--- SOURCE DATA Enclosed Below ---

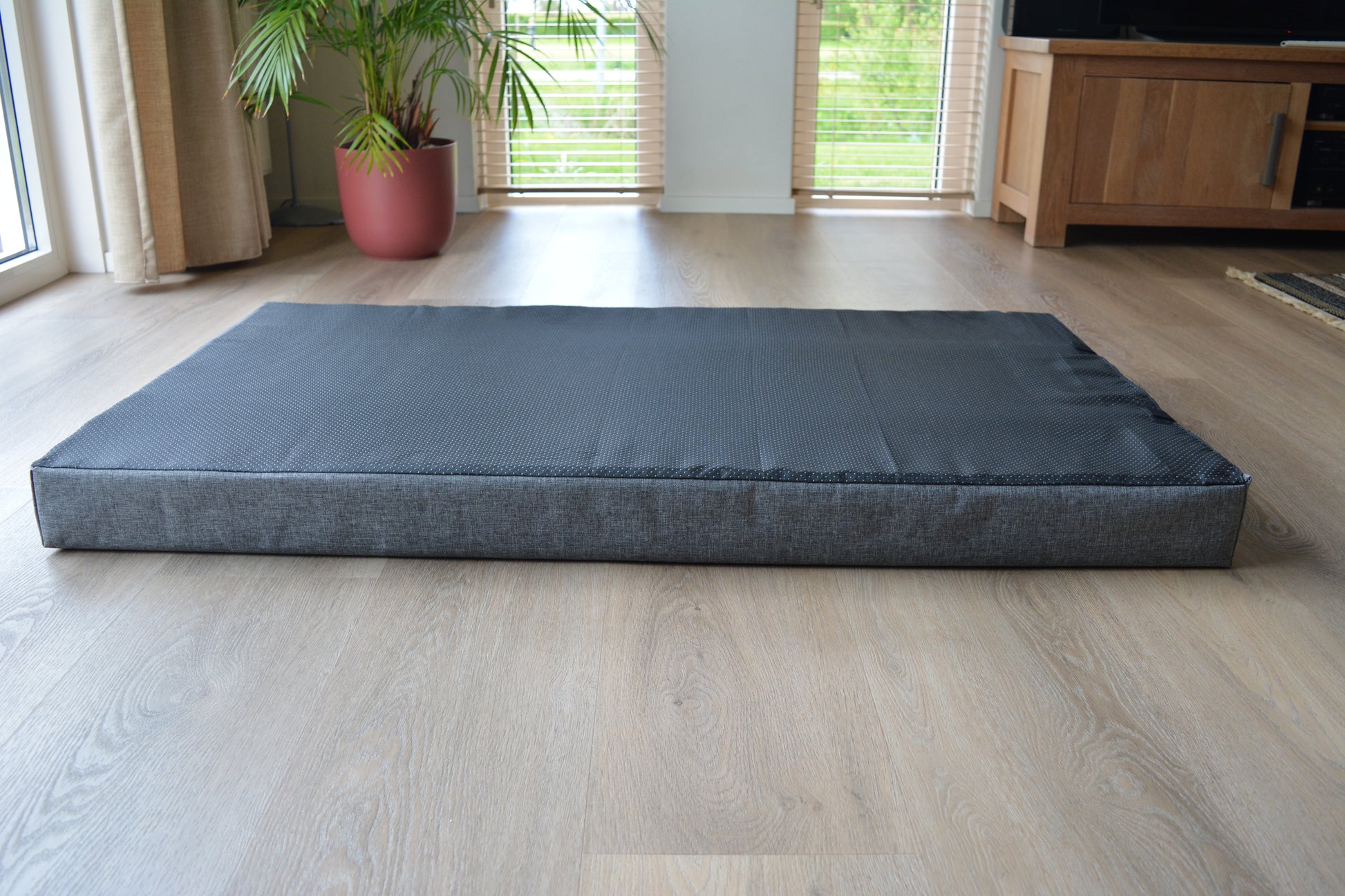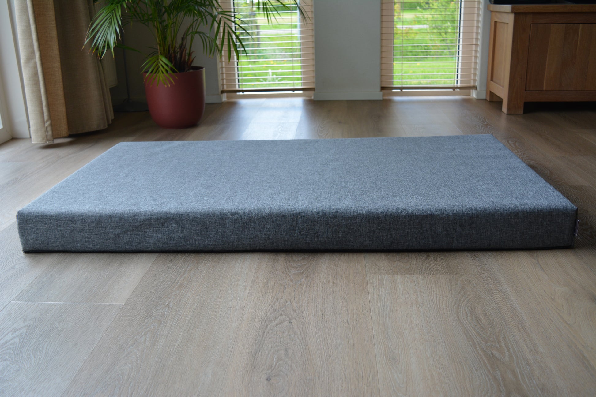 Naast het sterkere frame, zorgt ook het dikkere matras voor meer draagkracht van de lattenbodem. Hoe precies? Een hond draagt relatief veel gewicht op een klein oppervlak (haar pootjes) als ze staat. Als jouw hond schoenmaat 46
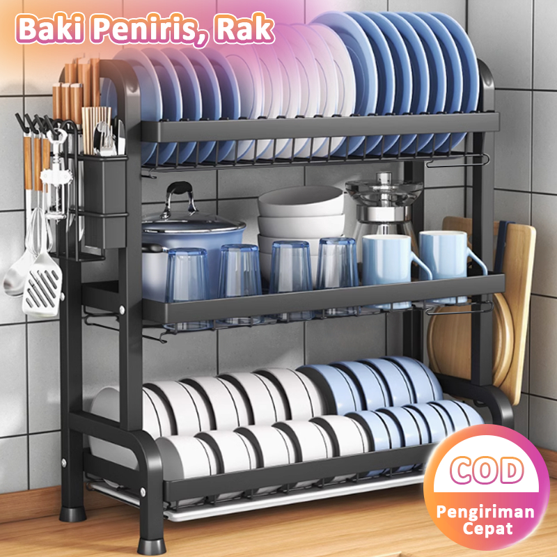 Rak Piring Stainless Rak Rak Dapur Cuci Piring Wastafel 2 Susun Tingkat Peralatan Dapur Piring Dengan Aksesoris/Terbaru Rak Piring Stainless
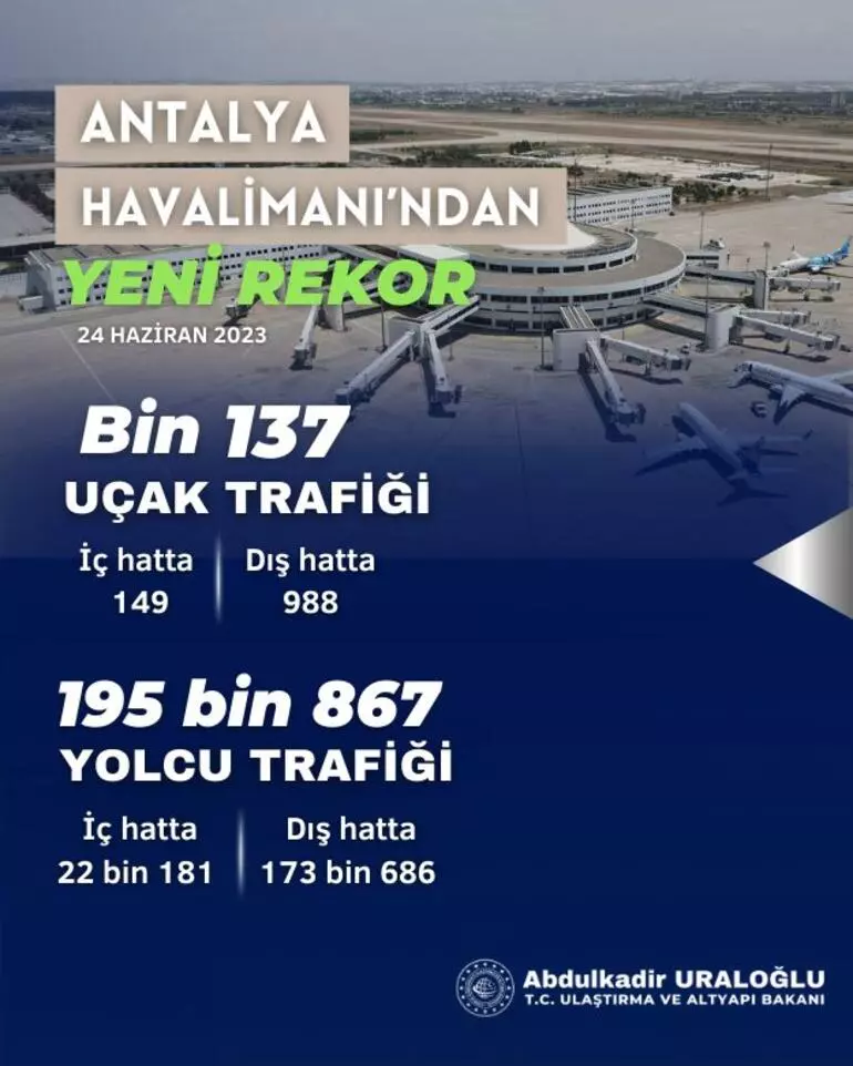Özellikle hava yolu taşımacılığında da yoğunluk hat safhaya çıktı. Antalya Havalimanı’ndaki yolcu yoğunluğu uçak seferlerine de yansıdı. Antalya Havalimanı’nda 24 Haziran 2023 Cumartesi günü iç hatta 149, dış hatta 988 olmak üzere toplamda 1137 uçak trafiğine hizmet verdi. Aynı gün yolcu trafiği ise iç hatta 22 bin 181, dış hatta 173 bin 686 olmak üzere toplam 195 bin 867 olarak gerçekleşti. Geçen yılın en yüksek rakamı olan 1094 sayısı geçilerek bu yılın en yüksek rakamına ulaşıldı. Aynı gün yolcu trafiği ise iç hatta 22.181, dış hatta 173.686 olmak üzere toplam 195.867 olarak gerçekleşmiş, geçen yılın en yüksek rakamı olan 1.094 sayısı geçilerek, rekor artış gerçekleşti.
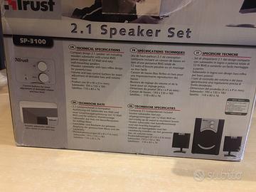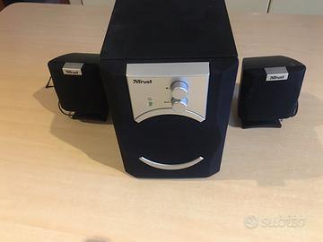 Set di altoparlanti 2.1 marca TRUST, dal design compatto con subwoofer in legno, potenza totale 12W RMS, consente facile montaggio da parete. (Subwoofer 193X135X183 mm) ( Satelliti 110X83X76 mm).
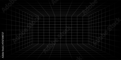 © Moh, Naklejka premium Empty futuristic digital box room grey-black background with white grid space line color surface. Network cyber technology. banner, cover, terrain, sci-fi, wireframe, and related to background.Print
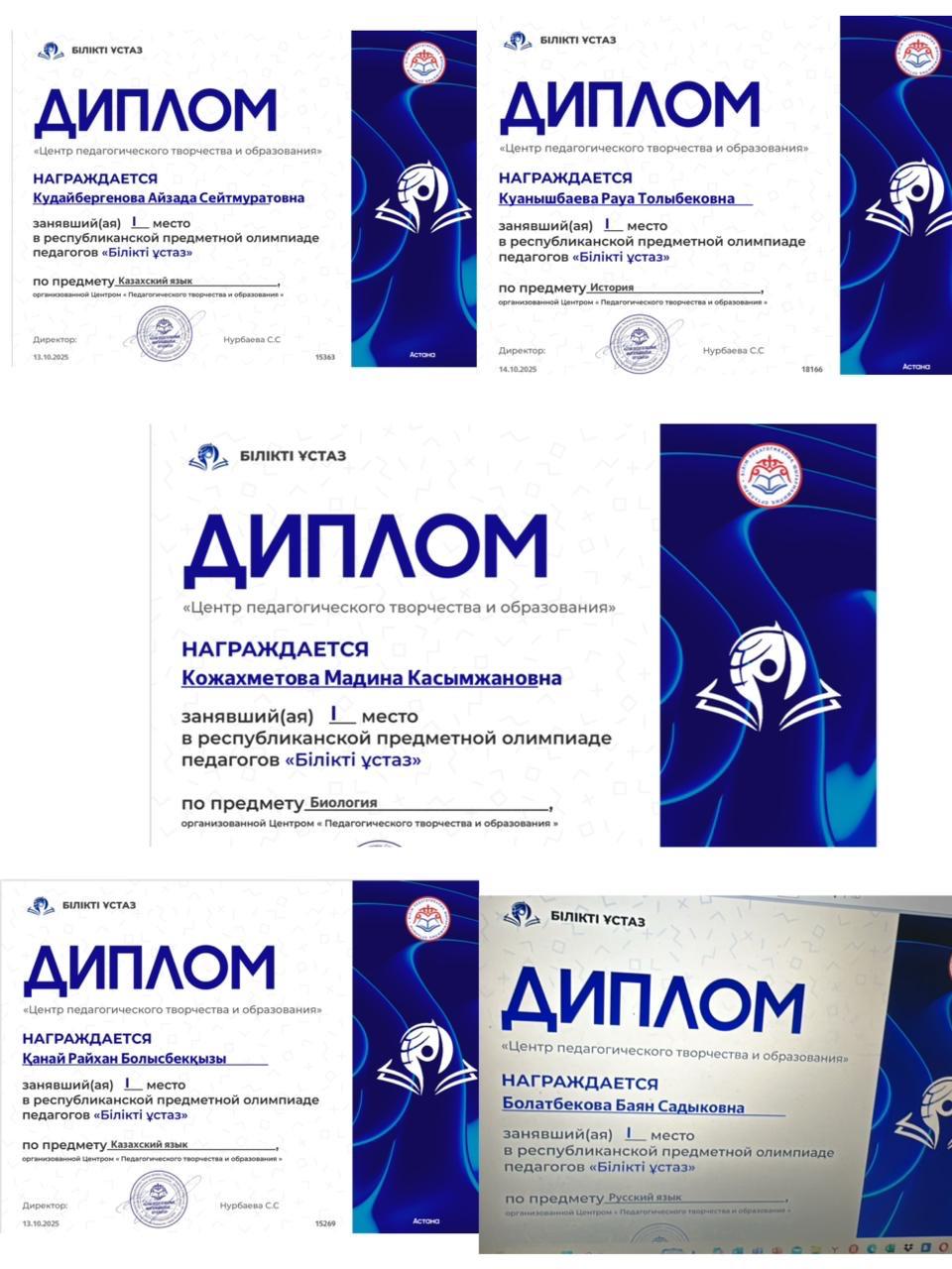 Участие учителей КГУ «Гимназия №18» в IV Республиканской педагогической олимпиаде «Білікті ұстаз – 2025»
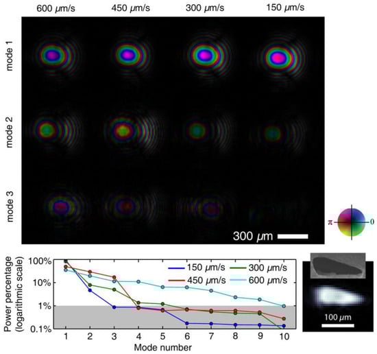 The top panel shows the three reconstructed illumination modes with the most powers for diffraction pattern collected at different scan speeds. The bottom panel shows the power percentage of the recovered modes. With increased scan speed, more illumination power is removed from primary modes and redistributed into other modes. The inset in the bottom-left corner shows the propagation of the reconstructed illumination wave back to pinhole plane. The shape and dimension are consistent with SEM measurement of the pinhole. Figure adapted from Ref [15]. Reprint permission granted. 2015 Macmillan Publishers Ltd.
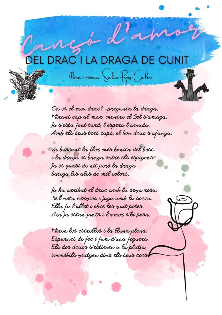 S’apropa Sant Jordi i, com ja és tradició, tornarem a cantar el nostre bonic himne, la Cançó d’amor del Drac i la Draga de Cunit, obra del nostre estimat Salva.
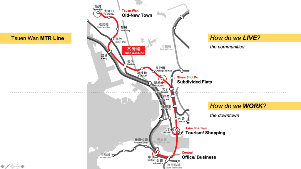 The MTR Tsuen Wan Line (red line) is one of the three original metro lines in HK opened in the 1980s, connecting the business center Central with commercial district Tsim Sha Tsui, and through different communities in Kowloon and terminates at the Tsuen Wan new town. The studio project takes the red line as a framework of investigation to offer a broad view of diverse urban conditions in Hong Kong, from the Commerce & Business to Culture & Tourism, and from grass root neighborhood to first generation new town. Students will examine urban issues and conduct comparative study of the distinct urban districts. Both the metro line and the area along it has been through many changes since it’s development three decades ago. As the city is expanding with new metro lines and new new-towns, it would be a timely opportunity to review the core urban area and its transformation and implication.
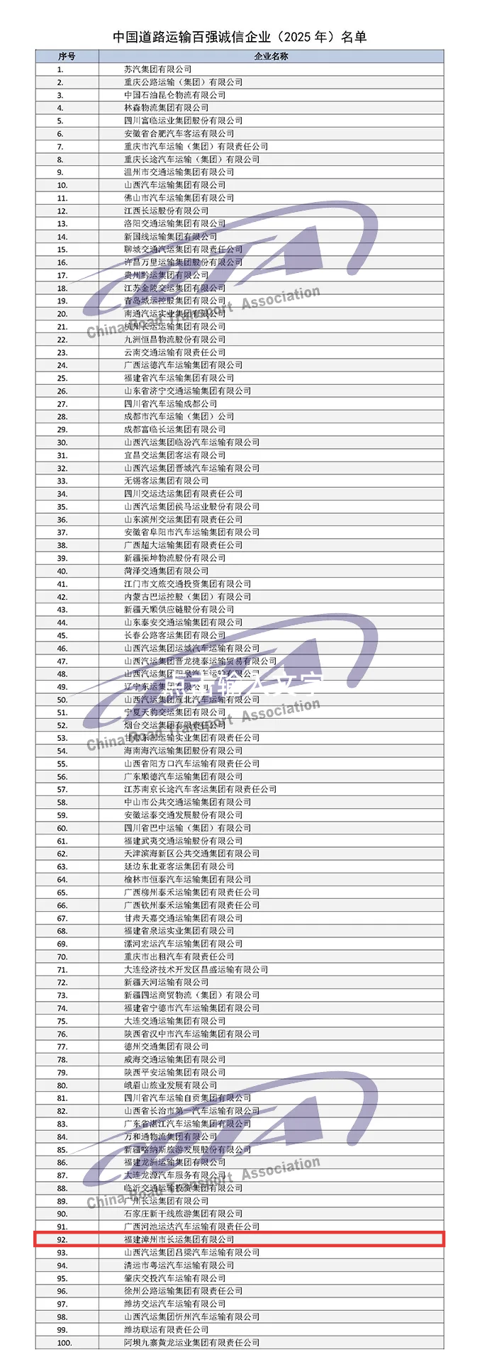 “中國(guó)道路運(yùn)輸百?gòu)?qiáng)誠(chéng)信企業(yè)”評(píng)價(jià)體系涵蓋企業(yè)規(guī)模實(shí)力、創(chuàng)新能力、社會(huì)公信及誠(chéng)信經(jīng)營(yíng)等維度,由中國(guó)道路運(yùn)輸協(xié)會(huì)主辦,是行業(yè)貫徹中央關(guān)于建設(shè)交通強(qiáng)國(guó)、推動(dòng)現(xiàn)代流通體系發(fā)展決策部署的重要實(shí)踐,是國(guó)內(nèi)道路運(yùn)輸行業(yè)最具權(quán)威性和公信力的品牌活動(dòng)之一。
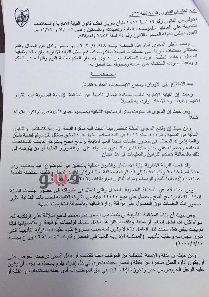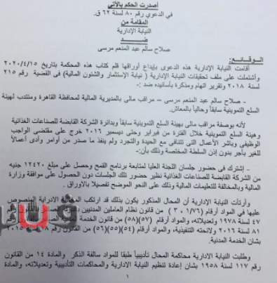 وأصدرت المحكمة حكمها بمجازاة صلاح سالم عبد المنعم، المراقب المالي بالمديرية المالية لمحافظة القاهرة بغرامة تعادل ضعف الأجر الوظيفي الذي كان يتقاضاه في الشهر عند انتهاء خدمته .
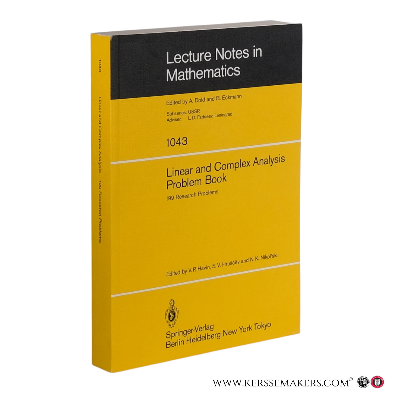 This volume contains 199 research problems in linear and complex analysis, compiled and edited by V. P. Havin, S. V. Hruščëv and N. K. Nikol’skii. It forms part of the Lecture Notes in Mathematics series (vol. 1043), edited by A. Dold and B. Eckmann, subseries USSR with adviser L. D. Faddeev.

--- End of Enclosed SOURCE DATA ---

Leave out every picture, and copy exactly the lines above starting at the one holding "Set di altoparlanti" and ending at the one holding "Участие учителей КГУ", no more and no less.

## ANSWER BOX
 Set di altoparlanti 2.1 marca TRUST, dal design compatto con subwoofer in legno, potenza totale 12W RMS, consente facile montaggio da parete. (Subwoofer 193X135X183 mm) ( Satelliti 110X83X76 mm).
 © Moh, Naklejka premium Empty futuristic digital box room grey-black background with white grid space line color surface. Network cyber technology. banner, cover, terrain, sci-fi, wireframe, and related to background.Print
 Участие учителей КГУ «Гимназия №18» в IV Республиканской педагогической олимпиаде «Білікті ұстаз – 2025»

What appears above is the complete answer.